Editors Reads Verdict
A love letter to martial arts philosophy, the nature of time, and the value of imperfection: Thief of Time is one of the most inventive late Discworld novels, introducing Lu-Tze as a genuinely original comic creation and making a surprisingly moving argument for the importance of now.
What We Loved
- Lu-Tze is one of Pratchett's most original creations — an elderly sweeper of extraordinary competence whose power lies entirely in being underestimated
- The History Monks and their relationship to time are developed with inventive rigour and generate some of the series' most conceptually ambitious comedy
- The novel's philosophical argument — that perfection is lifeless and imperfection is the condition of all meaning — is embedded entirely in character and event
- The Auditors as antagonists get their most fully developed treatment here
Minor Drawbacks
- Lobsang's identity revelation is signalled early enough that it lacks full surprise
- Susan's subplot, while well-executed, is less integrated with the History Monks storyline than the parallel structure implies
Key Takeaways
- → A perfect clock that stops time would stop everything that makes time worth having — perfection and life are incompatible
- → The present moment is the only place where anything actually happens; spending it entirely in anticipation or regret is its own form of theft
- → Wisdom is not the same as knowledge, and the wisest person in a room is not necessarily the one with the most impressive title
- → The Auditors hate life because life is unpredictable — and unpredictability is the engine of everything interesting
| Author | Terry Pratchett |
|---|---|
| Publisher | HarperCollins |
| Pages | 336 |
| Published | May 1, 2001 |
| Language | English |
| Genre | Fantasy, Humour, Satire |
Thief of Time Review
Thief of Time is the Discworld novel about time, and it is also, unexpectedly, the Discworld novel about chocolate — a combination that tells you something about how Pratchett’s imagination worked. It is part of the Death sub-series by virtue of Susan Sto Helit’s involvement, but its real centre of gravity is the History Monks: a secret order that maintains the flow of time by, among other things, stealing it from places where people aren’t paying attention and redistributing it where it’s needed.
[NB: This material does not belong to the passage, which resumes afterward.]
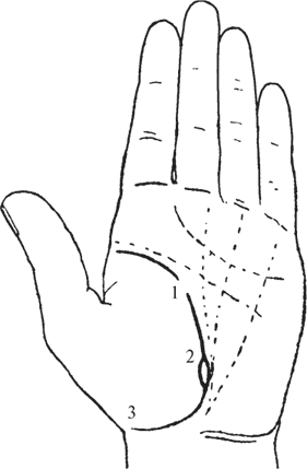 Рис. 7. Линия Венеры, или линия жизни, и линия Марса, или головы

The premise is characteristically ambitious. The Auditors of Reality — the novel’s recurring antagonists, impersonal forces that resent the messiness of conscious life — commission the brilliant but naive clockmaker Jeremy Clockson to build a perfect clock. A perfect clock, by Pratchett’s physics, would stop time altogether. The History Monk Lu-Tze, who presents himself as a humble sweeper and is in fact something considerably more formidable, is dispatched to prevent this with his new apprentice Lobsang Ludd.
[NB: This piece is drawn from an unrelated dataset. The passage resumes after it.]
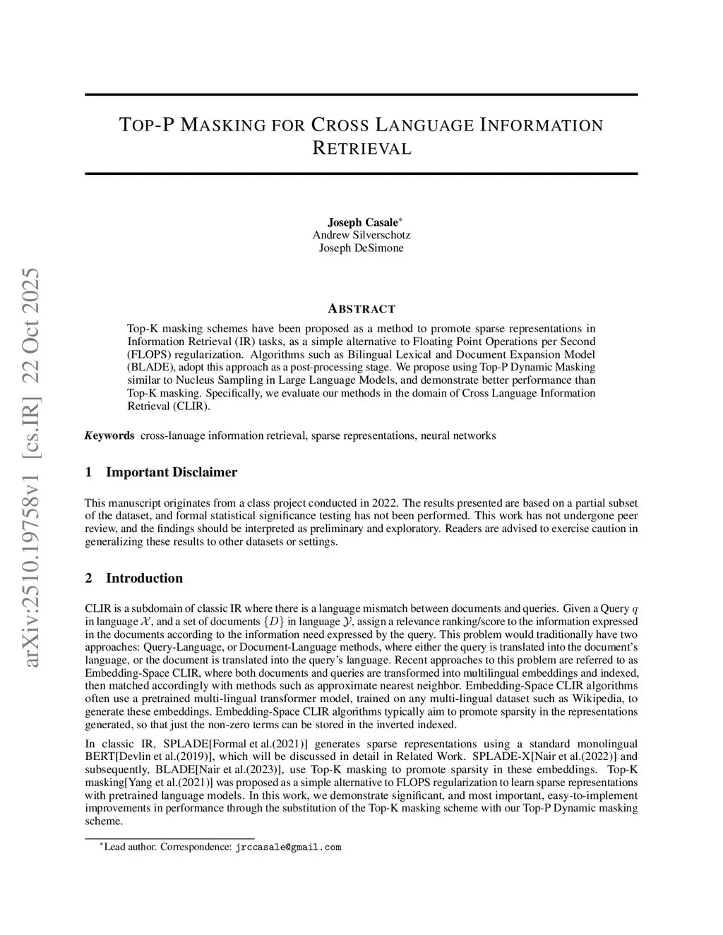 Top-P Masking for Cross Language Information Retrieval

Lu-Tze is one of Pratchett’s great late-period creations. His power depends entirely on everyone underestimating a small, elderly man who smells of soap and sweeps corridors. The comedy of watching experts repeatedly fail to register that he is the most dangerous person in any room he enters never becomes stale because Pratchett keeps finding new ways to construct the gag.
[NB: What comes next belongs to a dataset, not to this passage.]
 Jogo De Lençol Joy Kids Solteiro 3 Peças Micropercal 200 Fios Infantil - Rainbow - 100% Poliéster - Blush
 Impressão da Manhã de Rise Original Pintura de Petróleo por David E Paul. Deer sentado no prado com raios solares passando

The novel’s philosophical argument — that a perfect world, a world without the friction of imperfection and surprise, would be a dead one — is made through the Auditors themselves: entities so committed to order that they cannot experience the present moment without being overwhelmed by it.
Discworld Reading Order
Thief of Time works as a standalone but rewards familiarity with the Death sub-series. Mort, Reaper Man, and Hogfather provide the best context for Susan’s character.
Frequently Asked Questions
What is "Thief of Time" about?
A clockmaker is commissioned to build a perfect clock that would stop time, bringing the Auditors of Reality one step closer to a universe without the messy unpredictability of life. The History Monks dispatch Lu-Tze, a sweeper with a formidable past, and his new apprentice Lobsang Ludd to prevent it. Death's granddaughter Susan is also involved.
What are the key takeaways from "Thief of Time"?
A perfect clock that stops time would stop everything that makes time worth having — perfection and life are incompatible The present moment is the only place where anything actually happens; spending it entirely in anticipation or regret is its own form of theft Wisdom is not the same as knowledge, and the wisest person in a room is not necessarily the one with the most impressive title The Auditors hate life because life is unpredictable — and unpredictability is the engine of everything interesting
Is "Thief of Time" worth reading?
A love letter to martial arts philosophy, the nature of time, and the value of imperfection: Thief of Time is one of the most inventive late Discworld novels, introducing Lu-Tze as a genuinely original comic creation and making a surprisingly moving argument for the importance of now.